**What is expected**
Only the lines from the one holding "Black A1 Non-Metallic" to the end of the data should be echoed, exactly as they appear, minus the pictures.

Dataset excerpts
=== Section Start ===
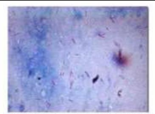
Fig 3: Showing acid fast bacilli in pus sample
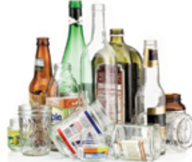
Glass Bottles & Containers Botellas y envases de vidrio
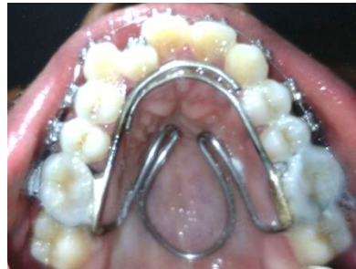
Fig. 2(B): The modified coffin spring appliance for correction of anterior crossbite
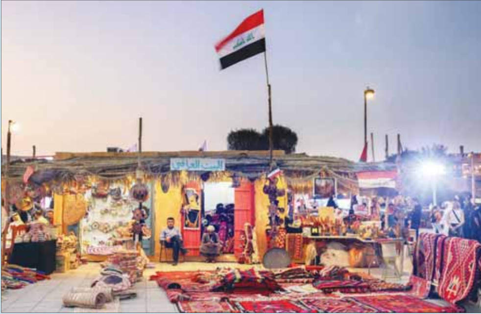
Katara is buzzing with activity thanks to its multiple attractions.
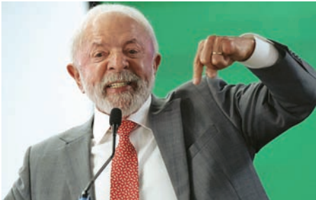
Brazil's President Luiz Inacio Lula da Silva speaks during a ceremony to launch a digital platform for tax reform in Brasilia, Brazil.
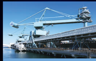
Continuous Ship Unloader
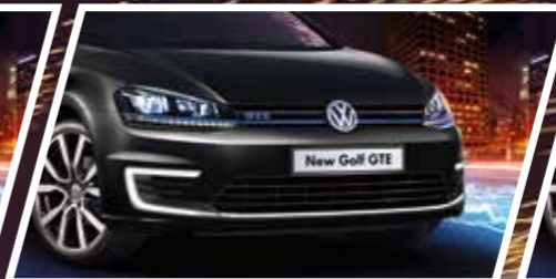
Black A1 Non-Metallic
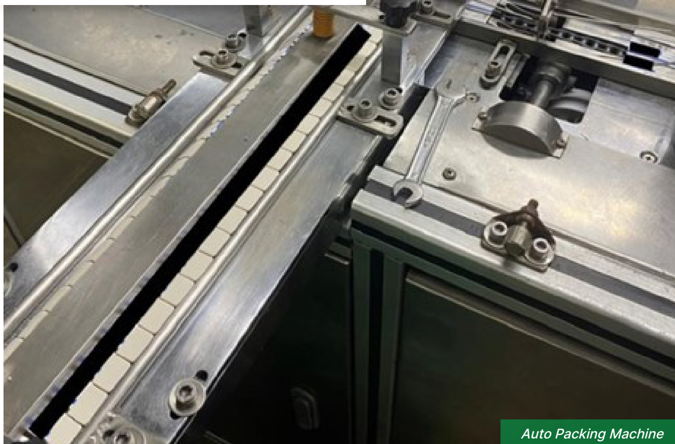
Auto Packing Machine

Through the FAGT initiative, Fudex Rubber Products (M) Sdn Bhd has implemented advanced and automated machinery in its manufacturing and packing processes. The company invested in a Hydraulic Swing Arm Cutting Press, revolutionising the eraser cutting process.
=== Section End ===
**Output below**
Black A1 Non-Metallic
Auto Packing Machine

Through the FAGT initiative, Fudex Rubber Products (M) Sdn Bhd has implemented advanced and automated machinery in its manufacturing and packing processes. The company invested in a Hydraulic Swing Arm Cutting Press, revolutionising the eraser cutting process.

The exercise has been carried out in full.